The chairpersons recommended that a limited number of substantive topics be selected for discussion at future meetings with UN departments, specialized agencies, funds, programmes and mechanisms, national human rights institutions and non-governmental organizations concerning the national-level implementation of treaty body recommendations.
It was also recommended that the Office of the High Commissioner for Human Rights explore ways of financially supporting the presence of special procedure mandate-holders at treaty bodies sessions and other opportunities for dialogue. The Chairpersons felt there was a need for closer cooperation with the Sub-Commission on the Promotion and Protection of Human Rights, including the possibility of treaty bodies proposing to the Sub-Commission topics within their respective mandates, which would benefit from in-depth research.

The Right to Adequate Housing
MILOON KOTHARI, Special Rapporteur of the Commission on Human Rights on the right to adequate housing, said that in setting out the framework of his work, he had called for the examination of a range of issues related to adequate housing, including gender discrimination, land access to potable water, issues of economic globalization and its compatibility with human rights, the international cooperation dimension, forced evictions and poverty, and global social policies and their interface with human rights.
Mr.

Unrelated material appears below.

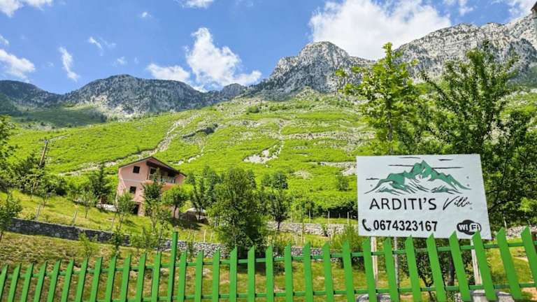 Die Unterkunft Arditi's Guesthouse befindet sich in Bogë, etwa 25 km vom Nationalpark Theth entfernt. Die Umgebung bietet eine malerische Kulisse mit Bergblick und vielen Möglichkeiten für Outdoor-Aktivitäten.
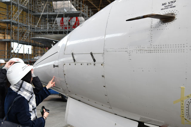 整備士の永原さんは、CRJの特徴である機体後部にあるエンジンに触れた。「エンジンの取り付け部分の組み替えが大変。右と左のエンジンで整備性が異なるんですよ」(永原さん)と、ほかの機体のように翼の下にエンジンが取り付けられている機体とは違った整備上の苦労話を披露した。

Kothari said that his mission had taken him to Romania and Mexico where he observed the various factors affecting the right to adequate housing. In Romania he observed the lack of heating in many houses. In Mexico, he visited the Chiapas region where he saw the housing conditions of the indigenous population. At the beginning of the year, he had visited the occupied Palestine and observed how the right to adequate housing had affected the Palestinian people through dispossession. Next year, he was scheduled to visit Kenya, Brazil and Peru, among others.
He had suggested to States to take affirmative measures concerning minority and indigenous peoples; and to pay particular attention to women and other vulnerable groups in the society. The institutionalisation of the right to housing was also recommended to States.
Mr. Kothari said that in his report to the Commission, he recalled the need for a broad interpretation of the right to adequate housing as contained in the international legal instruments, keeping in view the indivisibility and interrelatedness of all human rights.
Asked about the justiciability of the right to adequate housing, Mr. Kothari said that more and more cases in many countries were presented to courts with regard to the right to housing.
He said that the process of privatisation had created discrimination and had affected many people's right to adequate housing.